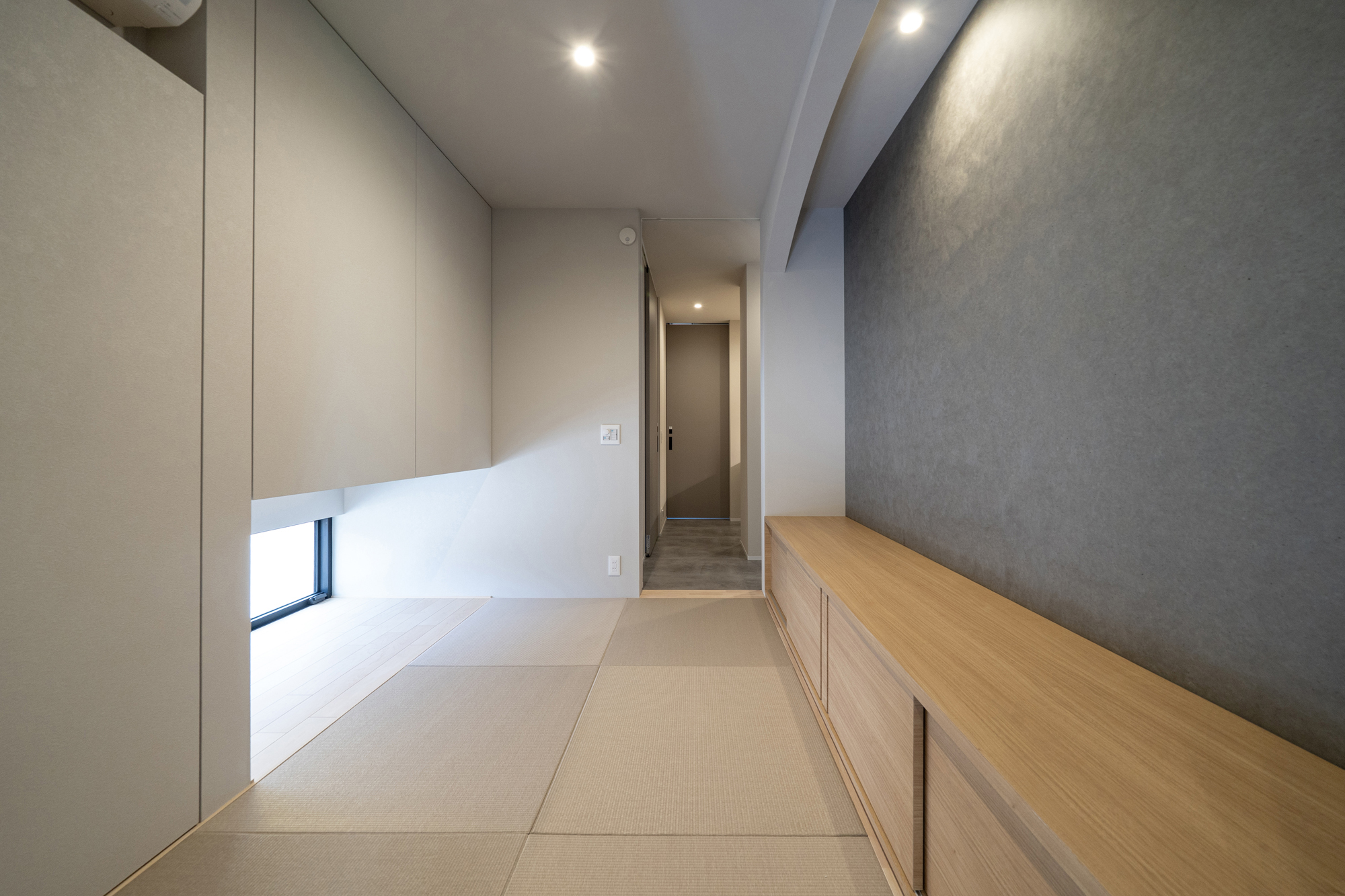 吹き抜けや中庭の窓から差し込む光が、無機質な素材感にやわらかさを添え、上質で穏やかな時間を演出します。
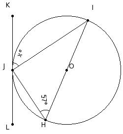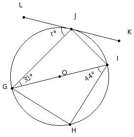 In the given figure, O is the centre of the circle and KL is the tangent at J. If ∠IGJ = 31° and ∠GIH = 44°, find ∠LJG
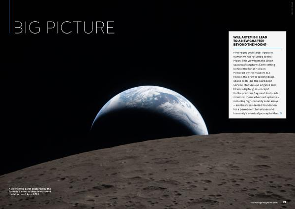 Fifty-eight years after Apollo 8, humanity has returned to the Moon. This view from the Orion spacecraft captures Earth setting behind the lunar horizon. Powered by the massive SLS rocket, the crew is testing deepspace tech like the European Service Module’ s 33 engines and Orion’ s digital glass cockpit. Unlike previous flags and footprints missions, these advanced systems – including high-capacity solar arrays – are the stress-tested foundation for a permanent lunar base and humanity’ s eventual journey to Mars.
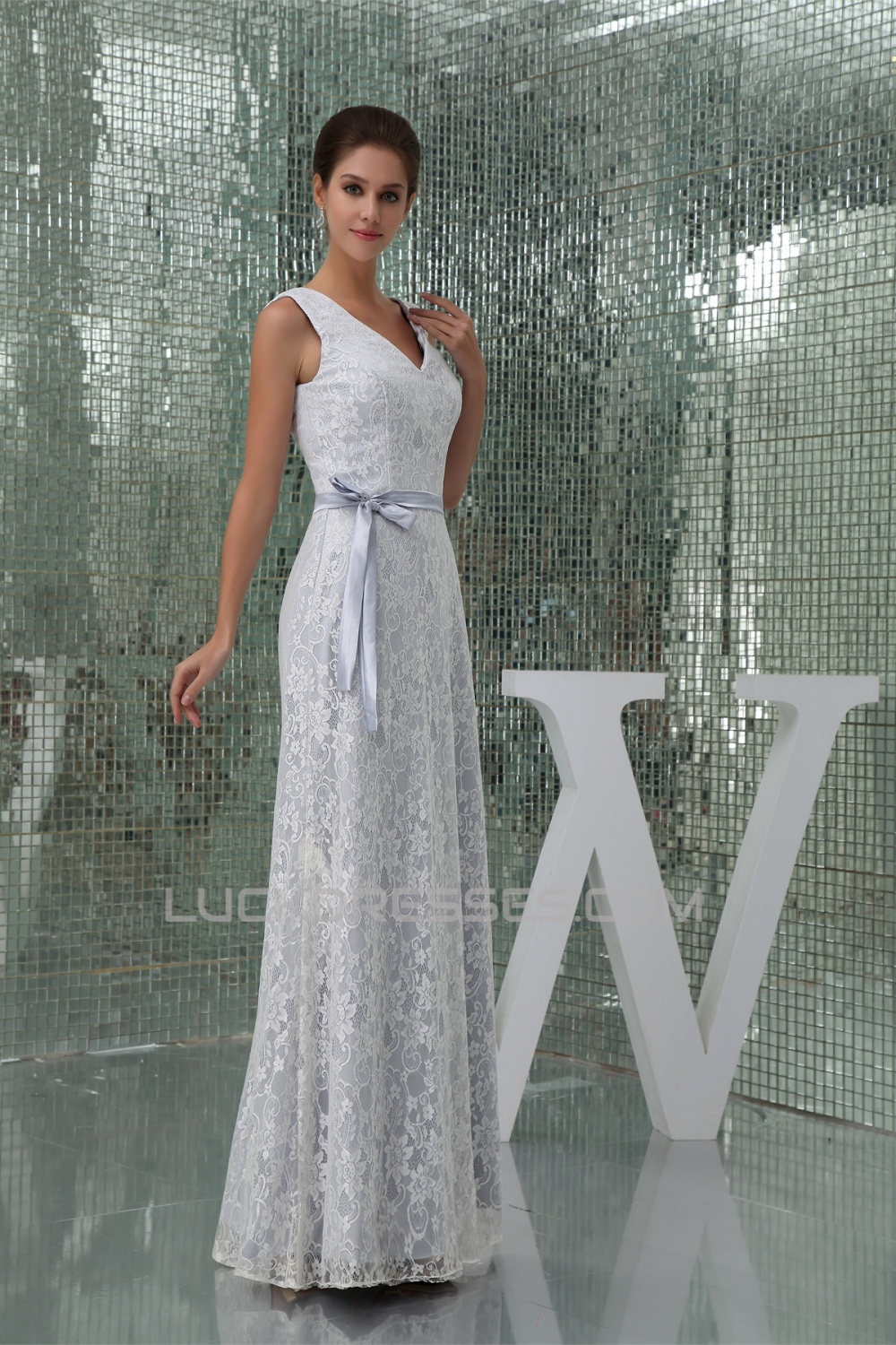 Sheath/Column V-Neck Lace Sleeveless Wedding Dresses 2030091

What this task involves: Each line of the data should be printed again exactly. Please leave pictures out.

Solution:
 吹き抜けや中庭の窓から差し込む光が、無機質な素材感にやわらかさを添え、上質で穏やかな時間を演出します。
 In the given figure, O is the centre of the circle and KL is the tangent at J. If ∠IGJ = 31° and ∠GIH = 44°, find ∠LJG
 Fifty-eight years after Apollo 8, humanity has returned to the Moon. This view from the Orion spacecraft captures Earth setting behind the lunar horizon. Powered by the massive SLS rocket, the crew is testing deepspace tech like the European Service Module’ s 33 engines and Orion’ s digital glass cockpit. Unlike previous flags and footprints missions, these advanced systems – including high-capacity solar arrays – are the stress-tested foundation for a permanent lunar base and humanity’ s eventual journey to Mars.
 Sheath/Column V-Neck Lace Sleeveless Wedding Dresses 2030091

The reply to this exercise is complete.